● What the exercise asks: After locating "Record. | |||||" in the listing below, copy that line and each one after it exactly, ending with the line that has "10 цен на Набор".

● Provided information:
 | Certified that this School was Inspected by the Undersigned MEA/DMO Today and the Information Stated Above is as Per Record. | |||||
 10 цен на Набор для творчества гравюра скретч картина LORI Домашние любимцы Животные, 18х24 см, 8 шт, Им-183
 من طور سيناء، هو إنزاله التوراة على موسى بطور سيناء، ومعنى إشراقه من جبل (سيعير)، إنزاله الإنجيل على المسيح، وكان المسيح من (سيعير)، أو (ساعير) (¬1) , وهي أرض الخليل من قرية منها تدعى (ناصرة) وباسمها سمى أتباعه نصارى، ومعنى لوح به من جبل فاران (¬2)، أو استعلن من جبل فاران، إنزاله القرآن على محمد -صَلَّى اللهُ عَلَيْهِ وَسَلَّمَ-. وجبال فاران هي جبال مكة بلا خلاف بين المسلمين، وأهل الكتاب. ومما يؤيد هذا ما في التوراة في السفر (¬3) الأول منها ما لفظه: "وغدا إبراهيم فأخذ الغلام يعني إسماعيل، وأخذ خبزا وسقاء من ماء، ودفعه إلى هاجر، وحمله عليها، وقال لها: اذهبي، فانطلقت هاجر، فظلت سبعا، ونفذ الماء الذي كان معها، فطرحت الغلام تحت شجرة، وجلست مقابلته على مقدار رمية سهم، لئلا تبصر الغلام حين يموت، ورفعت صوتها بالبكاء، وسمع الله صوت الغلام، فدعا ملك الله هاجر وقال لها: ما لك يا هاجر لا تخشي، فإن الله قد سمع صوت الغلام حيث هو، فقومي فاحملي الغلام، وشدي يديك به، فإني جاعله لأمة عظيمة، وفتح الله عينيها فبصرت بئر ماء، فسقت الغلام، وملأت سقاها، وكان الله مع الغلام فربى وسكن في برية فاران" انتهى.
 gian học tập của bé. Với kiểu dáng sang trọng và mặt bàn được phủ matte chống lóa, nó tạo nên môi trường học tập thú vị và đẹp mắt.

* * *

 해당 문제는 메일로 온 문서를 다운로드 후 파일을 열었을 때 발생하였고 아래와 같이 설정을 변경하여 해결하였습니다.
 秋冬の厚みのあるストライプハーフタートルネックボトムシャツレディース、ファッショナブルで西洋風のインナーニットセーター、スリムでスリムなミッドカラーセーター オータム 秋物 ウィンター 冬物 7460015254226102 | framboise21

● Response area:
 | Certified that this School was Inspected by the Undersigned MEA/DMO Today and the Information Stated Above is as Per Record. | |||||
 10 цен на Набор для творчества гравюра скретч картина LORI Домашние любимцы Животные, 18х24 см, 8 шт, Им-183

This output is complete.